In the end, through the fantastic folks at WordPress VIP (a high end hosting service) I found a web development company that rewrote the database of my website and restored it to health.
So my When Things Fall Apart post is also an I’m Back post. I didn’t want to hop on the site and post some healthy sugar-free lemonade recipe and pretend that nothing happened –you know that’s not my style. As I have in the past, I want to connect with all of you, my dear readers.
Now I’d like to hear from you. Was it frustrating having my website go down several hundred times last spring? What will you make now that it’s back up and running smoothly? What are you looking for from elanaspantry.com next? And of course, what is your best healing strategy when times get a little tough? How do you create healthy new habits?

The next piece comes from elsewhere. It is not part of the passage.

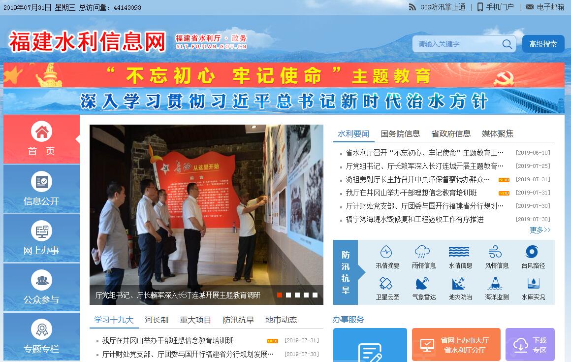 福建省水利厅主要职责:统一管理全省水资源(含空中水、地表水、地下水)。组织拟定全省和跨市(地)水中长期供求计划、水量分配方案并监督实施;组织有关国民经济总体规划、城市规划及重大建设项目的水资源和防洪的论证工作;组织实施取水许可制度和水资源费征收制度;发布全省水资源公报;负责管理全省水文工作。拟定节约用水政策,编制节约用水规划,制定有关标准,组织、指导和监督全省节约用水工作。按照国家和省有关资源与环境保护的法律、法规和标准,拟定水资源保护规划;组织水功能区的划分和向饮水区等水域排污的控制;监测江河湖库的水量、水质,审定水域纳污能力;提出限制排污总量的意见。组织、指导水政监察和水行政执法;协调并仲裁部门间和市(地)间的水事纠纷。拟定水利行业的经济调节措施;对水利资金的使用进行宏观调节;指导水利行业的供水、水电及多种经营工作;研究提出有关水利的价格、税收、信贷、财务等经济调节意见。编制、审查综合利用的大中型水利工程的项目建议书、可行性研究报告和初步设计文件,并按国家规定的基本建设程序办理审批手续;组织重大水利科学研究和技术推广;组织实施水利行业技术质量标准和水利工程的规程、规范并监督实施。组织、指导全省水利设施、水域及其岸线的管理与保护;组织指导主要江河、河口的治理和开发,负责海岸滩涂的围垦工作和海堤建设与管理工作;办理跨省河流协调事务;在职责范围内对全省水利建设工程进行管理。组织建设、指导和管理具有控制性的或跨市(地)的重要水利工程;组织、指导水库、电站大坝的安全监管。指导农村水利工作;组织协调农田水利基本建设,指导乡镇供水和农村节水工作。组织全省水土保持工作。研究制定水土保持的工程措施规划,组织水土流失的监测和综合防治。指导全省水利队伍的建设;负责全省水利方面的科技和外经、外事工作。指导全省水利行业的水电工作,组织协调农村水电电气化工作。承担福建省人民政府防汛抗旱指挥部的日常工作,组织、协调、监督、指导全省防洪工作,对主要江河和重要水利水电工程实施防汛抗旱调度。承办省政府交办的其他事项。

Finally, thanks for your patience and continued support, I really appreciate it, and all of you as well!
Judy says
I have not been at this for long, but my sentiments are with you losing someone during all this. We never think this will happen to someone we know. And how do we keep trudging on. Thanks for all your messages, and recipes. We all keep you in our heats and prayers. Where I live. Only 50 cases were reported, and they were all from someone traveling in. They even posted signs on the highway, please do not try to contact the public. Go elsewhere. This is my 3rd month in, with no blood tests, and I just hope and pray things are still on the right numbers. I wish I had gotten a meter. I am not equipped to do the tele health, techie thing, so it looks like another month. You are in our thoughts. Thanks
Elana says
Thanks Judy, appreciate your thoughtful and sincere comment. Stay safe.
Joëlle says
A new visitor to your site and new to blogging, I hope I never have to deal with this kind of problem… As it is blogging (both in French and English, it’s a personal choice) takes up a lot of my free time, to the point that my husband has warned me that I was probably becoming addicted!

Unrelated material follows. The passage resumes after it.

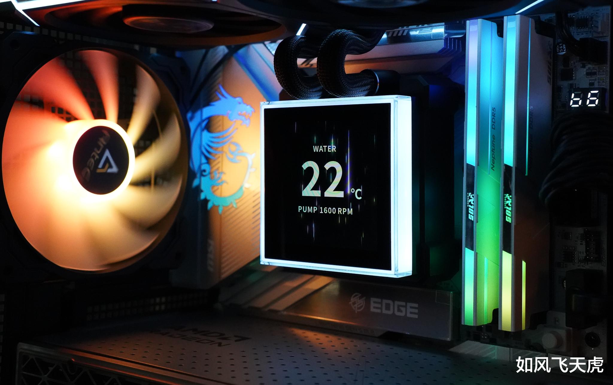 五 总的感受联力隐流二代方屏一体式水冷,通过冷排侧边的三支架结构,将水冷管完全隐藏于冷排边缘,有效避免了传统水冷管横穿机箱、影响美观与走线的问题。这一设计不仅让机箱内部整洁如初,更让方正风格的主板、内存与机箱形成统一视觉语言,真正实现“从里到外”的颜值统一,是追求极致整洁与美学表达用户的理想之选。

Anyway, I find this post truly inspirational. We too have had to stop relying on the medical world in order to live asthma free (my better half) and bellyache free (yours truly). And your recipes sound delicious. I have already bookmarked several. Thank you for sharing them.
Jacqueline says
You know, celiac and MS are paths that require gentleness. When I saw the failures, I hopped over to Facebook, saw you were ok–my first concern–and figured it would sort when it could. Today I noticed all was well again. That is the same thing as my journey with celiac. I hit a road block, adapt/learn/grow/pull out some hair, rock along, and then need to go deeper still on this healing journey. Website or body, it doesn’t matter. As long as there is life there is hope.
Jenni Lintz says
Welcome back! You were missed but I’m thankful I still had access to the recipes that aren’t in your books. I am glad to hear you are healing. I’m still trying how to best cope with juggling family life and work. This summer I have added more hikes and bike riding to help me manage the stress. Sending hugs from Northern Colorado!
Julie McLean says
Hi Elana
So glad you are back. I thought there was something wrong with my computer when I wasn’t getting your emails! I have all three of your books plus some of the others that you have recommended. I’m afraid I do change your recipes to add cooked beans in exchange for some almond flour to keep the cost of the products down. I realize that it isn’t paleo but does work very well and always tastes delicious. Having a history of Chrohn’s Disease I try to keep as true to Elaine Gottschall’s teachings as I can. She saved me a lot of grief and more surgeries! Keep up the good work, I absolutely love getting your posts. I do use a lot of the recipes that you come up with!
Theresa says
I just entertained myself with the yummy things in Paleo Cooking from Elana’s Pantry! Still haven’t cooked my way through it all yet!
Jolanda Hanegraaff (@JHanegraaff) says
OMG missed you and your posts, glad you are back!